Hello All:
I received an engine that is full of very stiff castor oil. Should I totally disassemble the the engine to remove the sludge from the bearings? As of now, I am soaking the engine in acetone. Crocpotting may be an option.
Frank, I think based on your experience that your life will be much happier if you *don't* take engines apart unless there is some obvious damage to them.
My recommendation from before is to heat it up gently in the oven on the lowest setting to get it loose, then use when it can move freely, any sort of oil, even WD-40, but better, some light machine oil, get it nice and flippy, then go *run it with conventional fuel* as soon as you can, to prevent it from gumming up again. Then after a few minutes of running, run it empty, then use light machine oil, NOT WD-40, and flip that around in there until it is distributed.
Since you have already soaked it in acetone, please remove it, to the extent possible, load it up with light oil, and then run it and follow with light machine oil, NOT WD-40. WD-40 is only acceptable if you are going to go run it in a day or two. If you leave it in there for more than a few weeks it will gum it up hopelessly, then you *will* have to disassemble/crock pot it.

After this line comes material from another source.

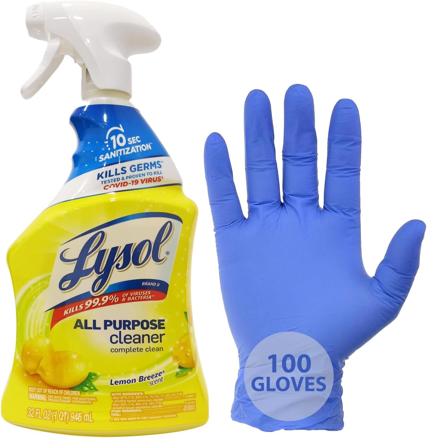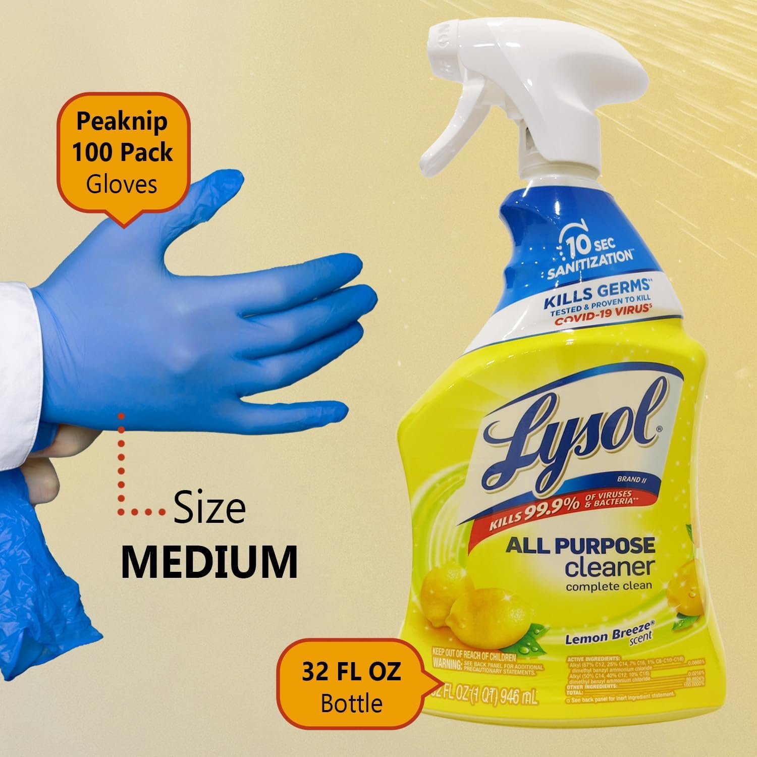 Peaknip Lysoil All-Purpose Cleaner – Sanitizing and Disinfecting Spray To Clean and Deodorize – Lemon Breeze Scent 32 Fl oz. Bundled Together 100 Disposable Gloves

Carefully remove the acetone from the ultrasonic cleaner and pour it in a safe container. Floyd has it right in the other thread, acetone is no better than soapy water, and an ultrasonic cleaner will probably not remove anything like gummed-up oil.
If it is very heavily varnished, the safest thing to do is run it on some sort of fuel with a low percentage of castor and a lot of synthetic for a while, that will clean it slowly as it runs. That is much safer than taking it apart and monkeying around with it internally.